ステイケーション Staycation

コロナ禍でも都市部以外でなければ、ポルトガル国内は比較的自由に行き来できる。リスボンやポルトは地方よりも感染者数が格段に多いため、行き来が制限されたりする。

より厳しく移動が制限されている英国では、海外の休暇に出られないため、国内で我慢する「ステイケーション」が流行っているという。Stayステイとvacationバケーションを併せた造語である。

私たちも9月初めに一週間、ポルトガル南部に旅行しようかと思っていたが、取りやめた。今まで行ったことがないアルガルベに行こうと思ったのは、今の時期ならば、通常溢れかえっている観光客−大多数が英国人−が来ていないからだ。海岸が美しく、通年温暖な気候でリゾート地として人気がある。

それはいいのだが、パーティタウンとして人気があるため、マナーの悪い観光客も多い。物価が安いポルトガルに来て、安く酔っ払おう...と。そういう(もちろんそれだけではないが)観光客目当てのバーやレストランも多く、外国人観光客のために共通語はほぼ英語だとも聞いた。

英国人の連れ合いがそんなにガラの悪い英国人観光客は見たくもないし、外国人観光客に媚びるポルトガルもいやだ、とこちらに移住して16年近く経つが、まだ、訪れたことがない。それで、今はチャンスだ! ということになったのだが...。

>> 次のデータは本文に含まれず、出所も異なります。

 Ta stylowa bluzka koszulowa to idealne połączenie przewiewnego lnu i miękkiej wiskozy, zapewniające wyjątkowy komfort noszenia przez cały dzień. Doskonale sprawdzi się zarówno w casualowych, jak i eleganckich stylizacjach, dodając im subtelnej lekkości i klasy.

取りやめた理由はコロナではない。森林火災である。8月は冷夏で、最高気温が25度前後の日が続いた。最低気温も10度から15度くらい、9度まで下がった日もある。9月に入って、夏が盛り返してきたのか、高温が続いている。夜は涼しいのだが、昼間は35度くらいまで気温が上がり、夕方になると風が吹き始める。家の周辺では大規模な森林火災は発生していないが、北部やリスボン周辺では連日、発生している。

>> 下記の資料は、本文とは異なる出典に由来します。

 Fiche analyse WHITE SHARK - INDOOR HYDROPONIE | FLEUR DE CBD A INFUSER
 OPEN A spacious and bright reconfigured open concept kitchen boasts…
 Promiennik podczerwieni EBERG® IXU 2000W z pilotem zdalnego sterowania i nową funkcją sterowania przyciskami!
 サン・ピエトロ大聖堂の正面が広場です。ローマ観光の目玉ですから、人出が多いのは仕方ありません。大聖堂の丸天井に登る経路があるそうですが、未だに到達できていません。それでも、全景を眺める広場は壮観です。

そこで、自宅でステイケーション。庭に大型のテントを張ってキャンプをしている。要するに、夜寝るときだけテントで他の生活は通常通り。庭にはコンポストトイレもあるし、シャワーもある。家で生活するよりも、星空を眺める機会も増えるし、狐やフクロウの鳴き声も聞こえて来る。なぜだか、よく眠れる。

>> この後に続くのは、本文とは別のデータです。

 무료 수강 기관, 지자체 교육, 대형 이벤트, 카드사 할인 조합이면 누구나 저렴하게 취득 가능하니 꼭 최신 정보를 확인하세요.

ポルトガルは9月10日から英国(北アイルランドを除く)の検疫リストに再登録された。つまり、ポルトガルから英国に行った場合(帰国であっても)2週間、検疫のために自己隔離しなければならない。当分の間は英国からの観光客は来ないだろう。ポルトガル南部への旅行は一雨降ってから、と思っている。

 

写真は上から

庭に張ったテント。大型なので居心地は満点

9月7日の昼頃に発生したOliveira de Fradesの森林火災。この写真は夕方5時ごろのもの。

一度は鎮火したものの、再燃し、翌日8日の午前中も、かなりの勢いで燃えていた。この火事で、消防士が一人、命を落としてしまった。